My guess is that if they are ever able to carry HD locals nationally, they'll drop OTA support on their receivers. Right now, they need that OTA high def capability to compete with cable.



> I suppose another angle might be: If they design their OTA tuners to only register the stronger signals, it's more likely what signals it does bring in will lock and be less problematic - the theory being they'll have fewer customer service tech calls.


I guess I'm not big on conspiracy theories. I choose to believe that the OTA tuner on the Broadcom chip in the 942 simply isn't as good as the one in the 811 and in many TVs, and that the Dish engineers are doing their best to tweak every bit of performance out of it.



> In any event, it's just my own personal theory which I've based on my own experience with the 811 & 942 plus the amount of "signal problem" posts. That and the fact that Dish won't pass on embeded PSIP epg data.

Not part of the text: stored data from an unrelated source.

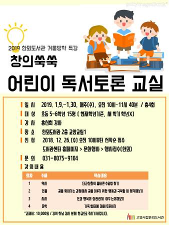 고양시 한뫼도서관, 초등학생 위한 ‘2019 겨울방학 특강’ 운영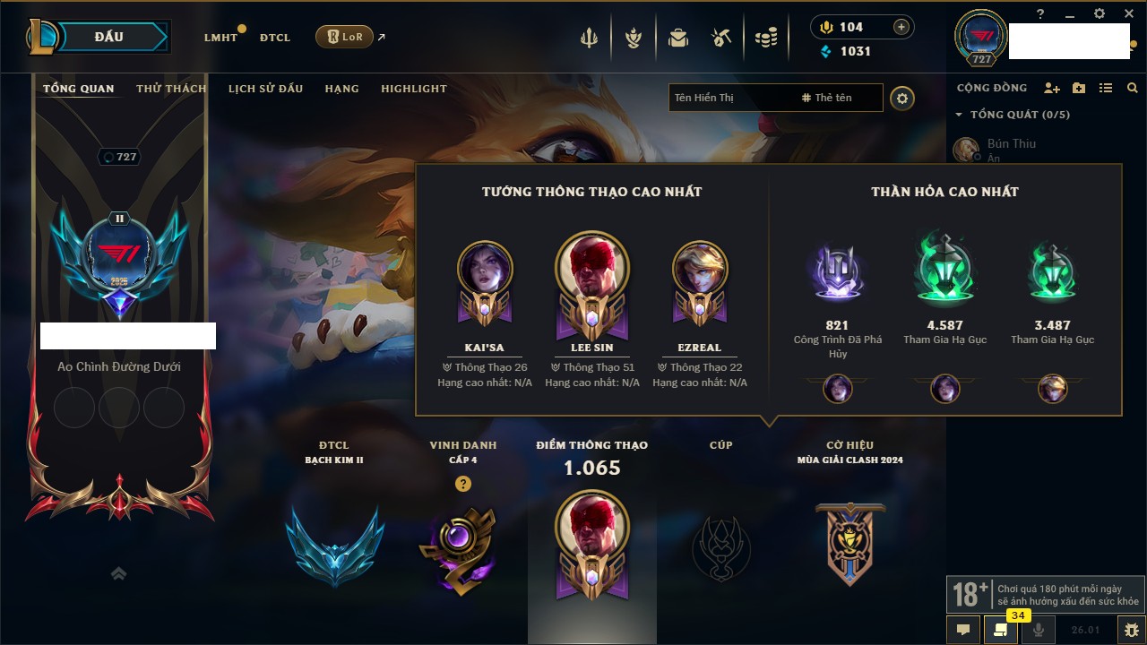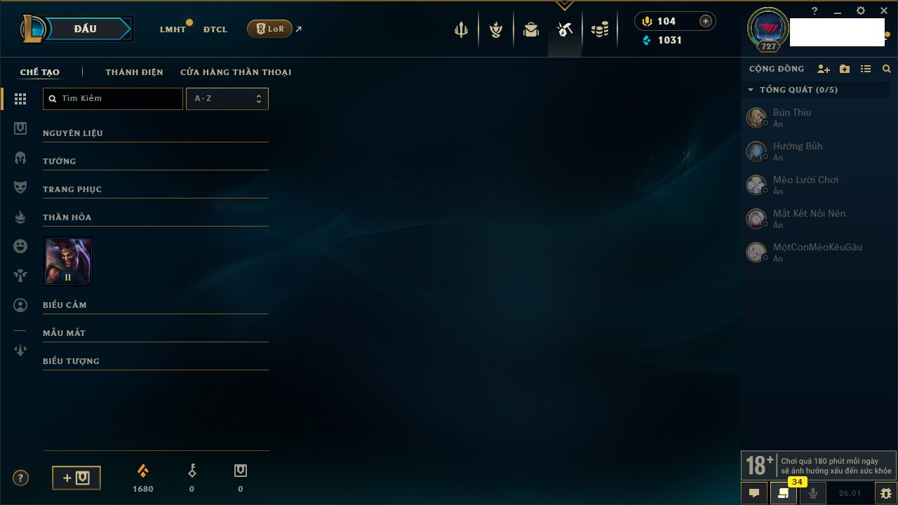 Rank Đơn: Vàng IV Khung: Chưa có khung Tướng: 172 - Còn 28576 THX Trang Phục: 690 Rank ĐTCL: Vàng IV Linh Thú: 159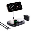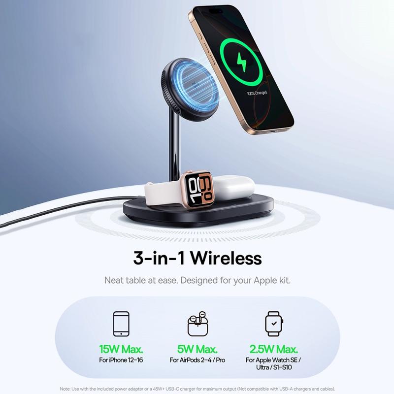 - Carregamento triplo de dispositivos: Carrega o smartphone, os auriculares TWS (até 5 W) e o relógio (até 2,5 W) em simultâneo, poupando espaço e tempo.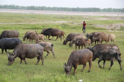倾力支持畜牧生产 4月27日,冷集镇甘家庄村农民在江滩牧牛。畜牧生产作为农民增收不可缺少在重要产业,近年来,谷城县农信社倾力支持农民、养殖大户发展畜牧生产,该社每年投放用于畜牧生产的小额贷款和大额贷款不少于3000万元。确保该县畜牧生产呈逐年上升势头,为农民、养殖大户增加收入提供了动力支持。 本报视界网马明刚摄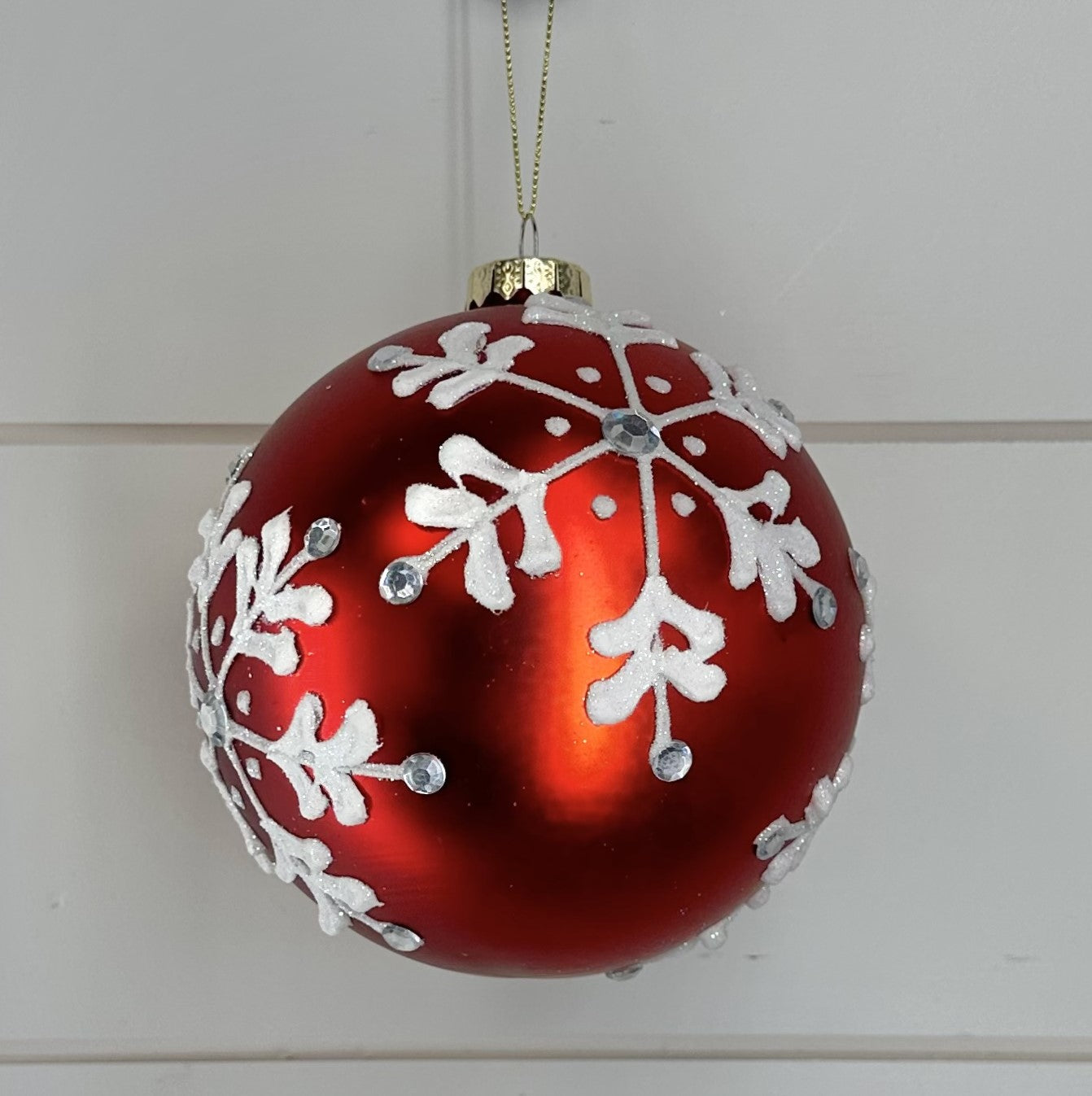 Ornament - Red & White Glass with Snowflake

As for PSIP, I believe there are some serious design and technical challenges into integrating two different guide sources into the same product.


----------



## Antknee (Oct 13, 2005)

Whatever the reason, it is a very poor implementation. I'm sure it doesn't cost that much more to simply include a chip that does a decent job. 
It definitely is the 942 and not my antenna that is making the reception of OTA signals poor. When I connect the antenna directly to the TV, it works fine. But then I can't record those channels, so I am not a happy customer, simple as that.


----------



## waltinvt (Feb 9, 2004)

Bichon said:


> <snip....> I choose to believe that the OTA tuner on the Broadcom chip in the 942 simply isn't as good as the one in the 811 and in many TVs


Isn't that about what I said?



Bichon said:


> , and that the Dish engineers are doing their best to tweak every bit of performance out of it.


I still don't believe that's very high on Dish's priority list but I may be wrong.



Bichon said:


> As for PSIP, I believe there are some serious design and technical challenges into integrating two different guide sources into the same product.


That may be the case but why not start with what the FCC is mandating minumim standards for first, (so everyone gets at least some epg info) then work on intergrating whatever else they need. I'm sorry but I still think this really boils down to $$$.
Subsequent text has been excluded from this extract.